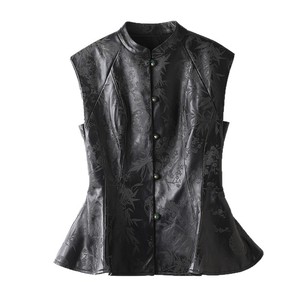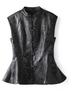 真皮皮衣HN4115初秋新款新中式国风盘扣荷叶边绵羊皮印花无袖背心
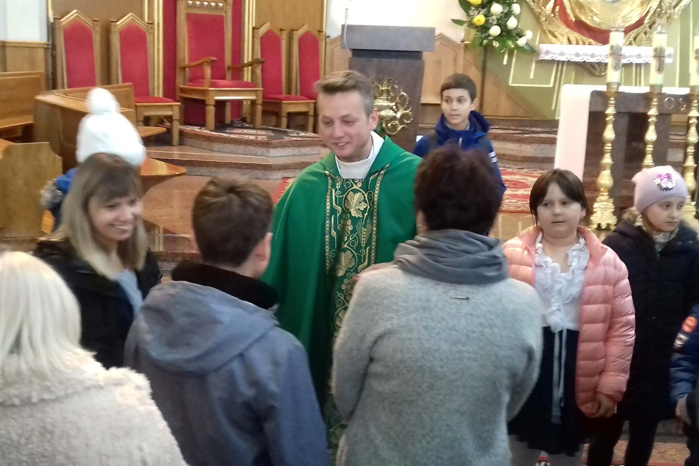 Po zakończonej Mszy Świętej parafianie i dzieci jeszcze długo pozostali w kościele, by jeszcze raz uścisnąć rękę księdzu Piotrowi i życzyć powodzenia.
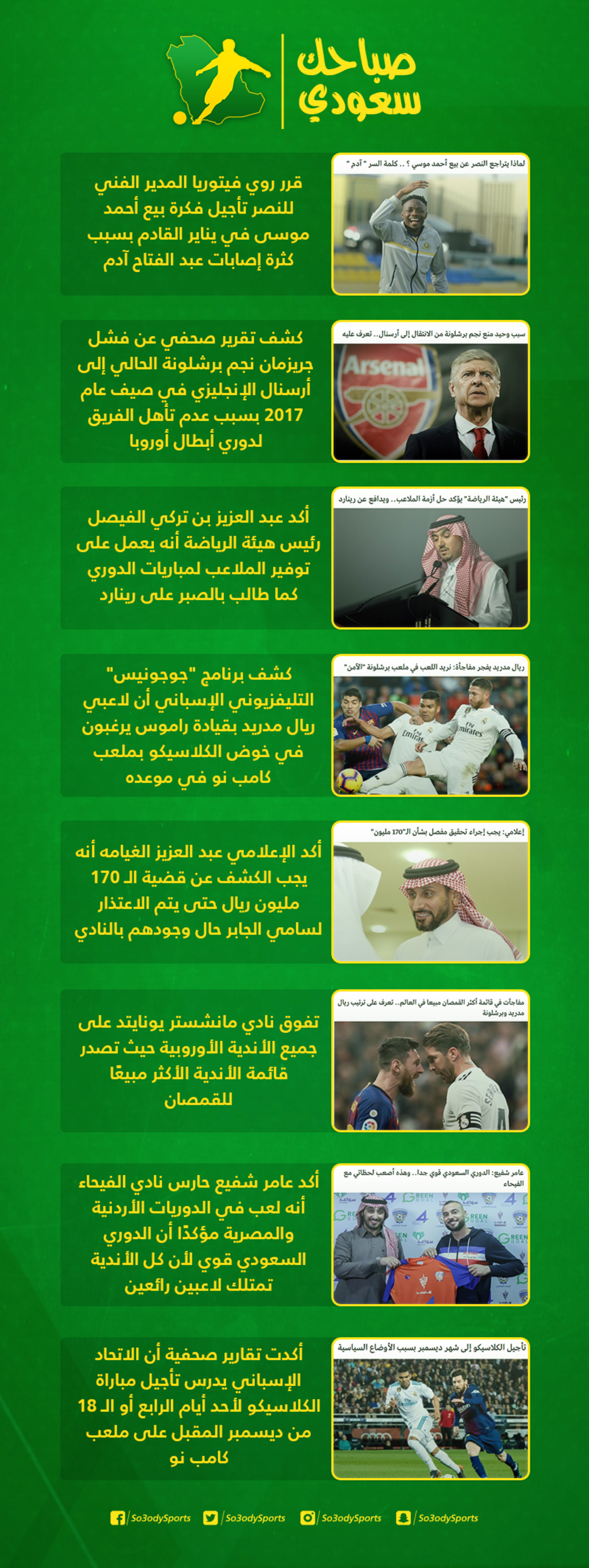 شهدت الساحة الرياضية المحلية والعالمية، خلال الـ24 ساعة المنقضية، عددًا من الأخبار التي حرص "سعودي سبورت" على الاهتمام بها، وتقديمها لمتابعيه، من أجل إلمامهم بالأحداث أول بأول.
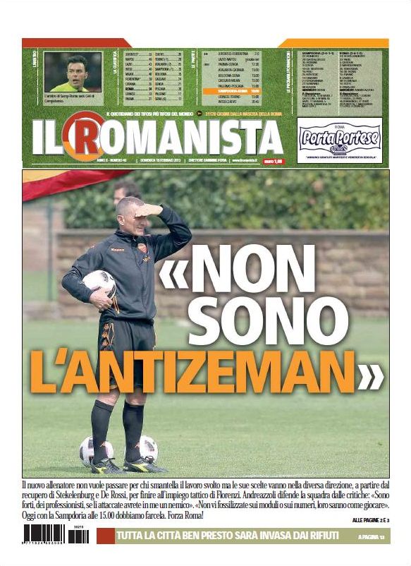 Leggendo i giornali di oggi non si capisce nemmeno contro chi gioca il Milan, ma si capiscono solo due cose: che ci sarà Balotelli e che il presidente rossonero ha detto che Allegri “non capisce un c…”. Un bel modo di spronare la squadra, non c’è dubbio. Dato che tutti i giornali parlano solo di questi due aspetti del calcio italiano, passiamo direttamente a il Romanista che apre con le parole di Andreazzoli che non vuol essere considerato l’anti-Zeman perché a lui piace costruire una squadra e non sfasciare il lavoro degli altri. Resta da capire se la società gli concederà il tempo per farlo. A voi le prime pagine di oggi.
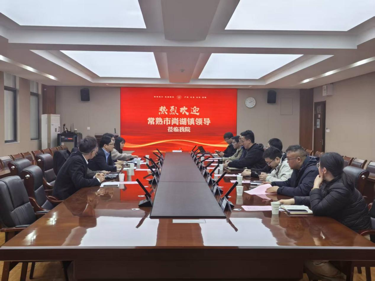 12月10日,常熟市尚湖镇党委书记金晓、副镇长王平平一行 5 人莅临91porn ,就技术合作、人才引进等方面开展交流调研。91porn 副院长魏佳丹、各基层领导及教师代表出席会议。

┄┄┄┄┄┄┄┄┄┄┄┄┄┄┄┄┄┄┄┄

Task goal: Pictures are to be left out; the answer must otherwise be exactly the lines from the one with "Leggendo i giornali" through the final line of the entries above, both included.

Answer to this exercise:
 Leggendo i giornali di oggi non si capisce nemmeno contro chi gioca il Milan, ma si capiscono solo due cose: che ci sarà Balotelli e che il presidente rossonero ha detto che Allegri “non capisce un c…”. Un bel modo di spronare la squadra, non c’è dubbio. Dato che tutti i giornali parlano solo di questi due aspetti del calcio italiano, passiamo direttamente a il Romanista che apre con le parole di Andreazzoli che non vuol essere considerato l’anti-Zeman perché a lui piace costruire una squadra e non sfasciare il lavoro degli altri. Resta da capire se la società gli concederà il tempo per farlo. A voi le prime pagine di oggi.
 12月10日,常熟市尚湖镇党委书记金晓、副镇长王平平一行 5 人莅临91porn ,就技术合作、人才引进等方面开展交流调研。91porn 副院长魏佳丹、各基层领导及教师代表出席会议。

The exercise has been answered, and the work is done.